The concept of detection of dynamic lung hyperinflation using cardiopulmonary exercise testing.

Kominami K; Noda K; Minagawa N; Yonezawa K; Akino M;

Medicine [Medicine (Baltimore)] 2023 Mar 24; Vol. 102 (12), pp. e33356.

Dynamic lung hyperinflation (DLH) caused by air trapping, which increases residual air volume, is a common cause of shortness of breath on exertion in chronic obstructive pulmonary disease (COPD). DLH is commonly evaluated by measuring the decrease in maximal inspiratory volume during exercise, or using the hyperventilation method. However, only few facilities perform these methods, and testing opportunities are limited. Therefore, we investigated the possibility of visually and qualitatively detecting DLH using data from a cardiopulmonary exercise test (CPET). Four men who underwent symptom-limiting CPET were included in this study, including a male patient in his 60s with confirmed COPD, a 50s male long-term smoker, and 2 healthy men in their 20s and 70s, respectively.
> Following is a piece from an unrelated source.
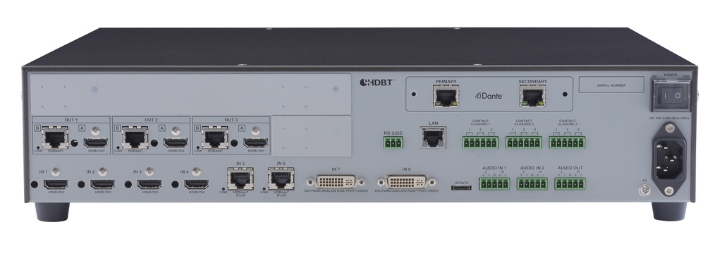 Tri-scaler multi IN digitale-analogico + audio, 3 uscite indipend. selez. HDMI o HDBT, audio OUT DANTE (prim.-sec.). 3 modi operativi: video 2K @60 (3 out attivi); video 4K @30 (2 out attivi 2+1); Multiview (1 out attivo x3). Commutaz. seamless, auto switch, memoria logo, contr. aspect ratio, test pattern generator, contr. EDID video e audio, comp. HDCP 1.4, Anti-snow, Connection reset, contr. totale audio in/out + lip sync + analog audio out. Memorie Crosspoint, Preset, last use. 4 IN-3 OUT HDMI, 2 IN-3 OUT HDBT (supp. PoH), 2 IN DVI-I (digitale, RGB, YPbPr, Y/C, comp.), 8 IN audio digitale + 2 IN-1 OUT audio st, 64 ch OUT DANTE. 1 RS-232, 1 LAN. Switch LAN integrato con HDBaseT. Contr. apparati terze parti con macro RS-232, LAN, CEC, 9 contatti. Pann. frontale: tasti retro illuminati, display VFD, contr. totale da menù navigabile. Controllo: pann. frontale, RS-232, LAN (web). Dimensioni (WxHxD): 430x88x400 mm, 2U mont. Rack fornito. Peso: 7,0 kg. Alimentatore multitensione max 125 W.

We calculated the difference between the inspiratory tidal volume (TV I) and expiratory tidal volume (TV E) per breath (TV E-I) from the breath-by-breath data of each CPET and plotted it against the time axis. No decrease in TV E-I was observed in either of the healthy men. However, in the patient with COPD and long-term smoker, TV E-I began to decrease immediately after the initiation of exercise. These results indicate that DLH can be visually detected using CPET data. However, this study was a validation of a limited number of cases, and a comparison with existing evaluation methods and verification of disease specificity are required.